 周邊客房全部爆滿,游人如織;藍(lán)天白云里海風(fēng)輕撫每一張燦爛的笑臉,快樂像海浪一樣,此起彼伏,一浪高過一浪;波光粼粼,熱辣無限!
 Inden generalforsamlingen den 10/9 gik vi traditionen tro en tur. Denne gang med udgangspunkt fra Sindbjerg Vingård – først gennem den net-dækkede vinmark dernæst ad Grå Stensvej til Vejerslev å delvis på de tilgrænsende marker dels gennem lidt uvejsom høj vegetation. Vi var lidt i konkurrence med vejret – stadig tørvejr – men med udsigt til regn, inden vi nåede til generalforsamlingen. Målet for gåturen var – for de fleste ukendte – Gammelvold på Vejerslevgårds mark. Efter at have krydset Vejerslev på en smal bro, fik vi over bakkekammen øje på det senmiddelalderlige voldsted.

--

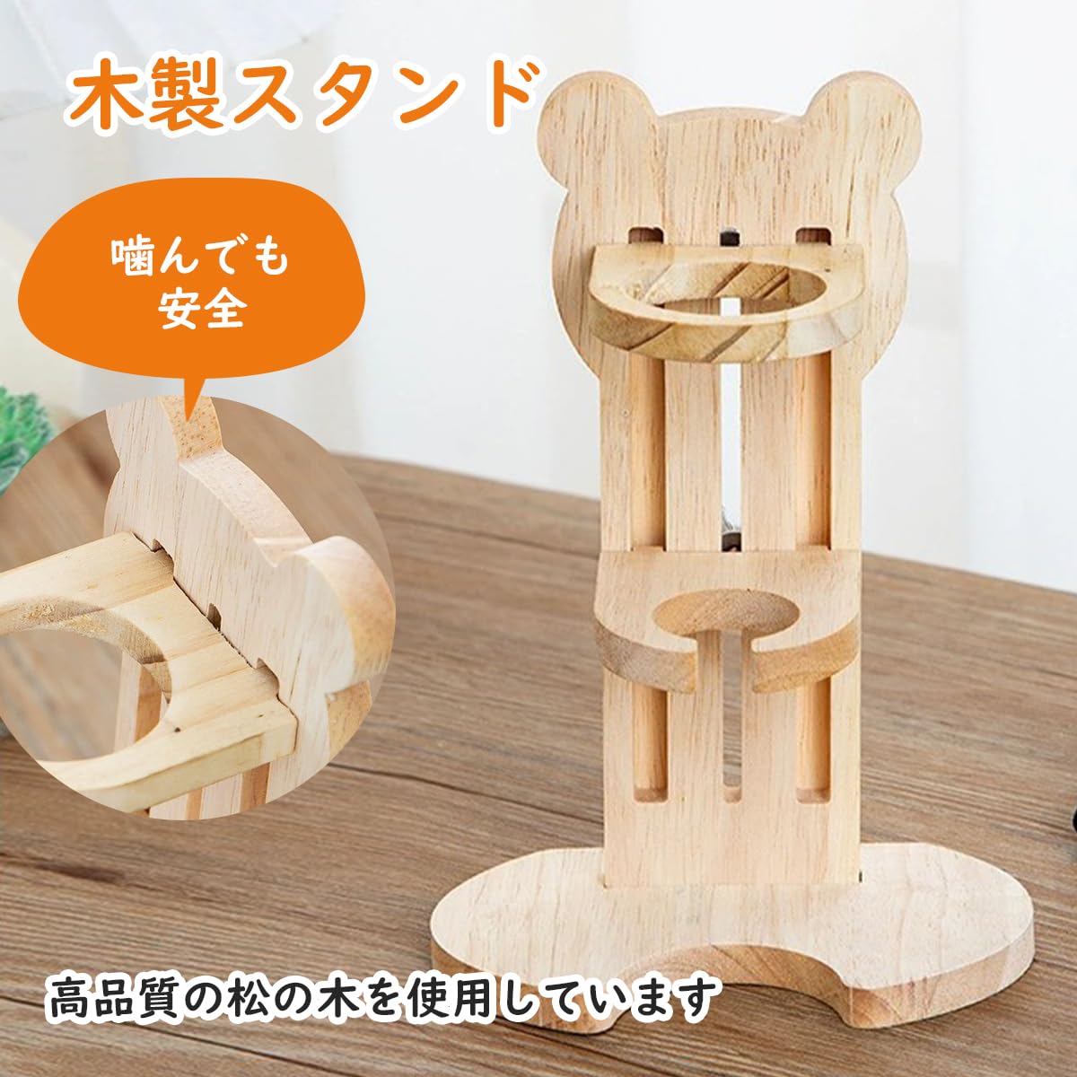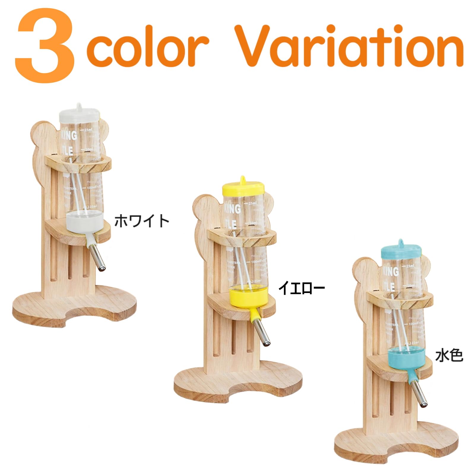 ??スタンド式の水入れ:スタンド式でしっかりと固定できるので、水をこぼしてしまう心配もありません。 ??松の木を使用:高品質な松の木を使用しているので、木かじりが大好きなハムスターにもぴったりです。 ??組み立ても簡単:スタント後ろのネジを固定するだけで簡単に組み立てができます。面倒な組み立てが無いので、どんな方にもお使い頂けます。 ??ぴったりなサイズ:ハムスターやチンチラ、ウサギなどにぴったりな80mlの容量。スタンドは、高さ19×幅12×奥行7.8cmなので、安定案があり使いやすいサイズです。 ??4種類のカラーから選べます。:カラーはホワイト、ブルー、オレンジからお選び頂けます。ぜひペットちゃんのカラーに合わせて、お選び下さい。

---

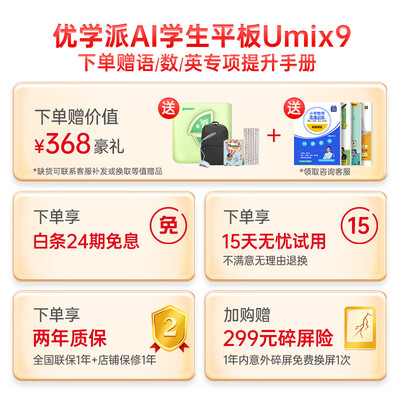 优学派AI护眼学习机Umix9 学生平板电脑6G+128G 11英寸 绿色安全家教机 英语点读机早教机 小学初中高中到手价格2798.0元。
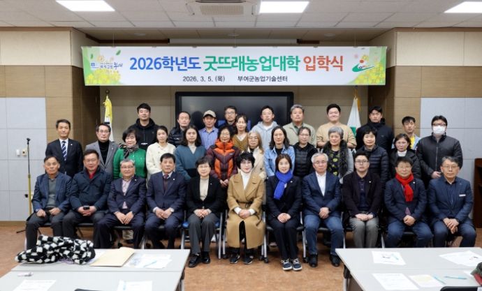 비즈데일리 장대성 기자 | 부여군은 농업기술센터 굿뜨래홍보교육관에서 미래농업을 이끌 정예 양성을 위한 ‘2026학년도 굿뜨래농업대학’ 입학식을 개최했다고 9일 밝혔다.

* What needs to be done:
Within the entries above, the lines from the one containing "优学派AI护眼学习机Umix9 学生平板电脑6G+128G 11英寸" through the one containing "비즈데일리 장대성 기자" are to be transcribed exactly, ends included, pictures excluded.

* Finished task:
 优学派AI护眼学习机Umix9 学生平板电脑6G+128G 11英寸 绿色安全家教机 英语点读机早教机 小学初中高中到手价格2798.0元。
 비즈데일리 장대성 기자 | 부여군은 농업기술센터 굿뜨래홍보교육관에서 미래농업을 이끌 정예 양성을 위한 ‘2026학년도 굿뜨래농업대학’ 입학식을 개최했다고 9일 밝혔다.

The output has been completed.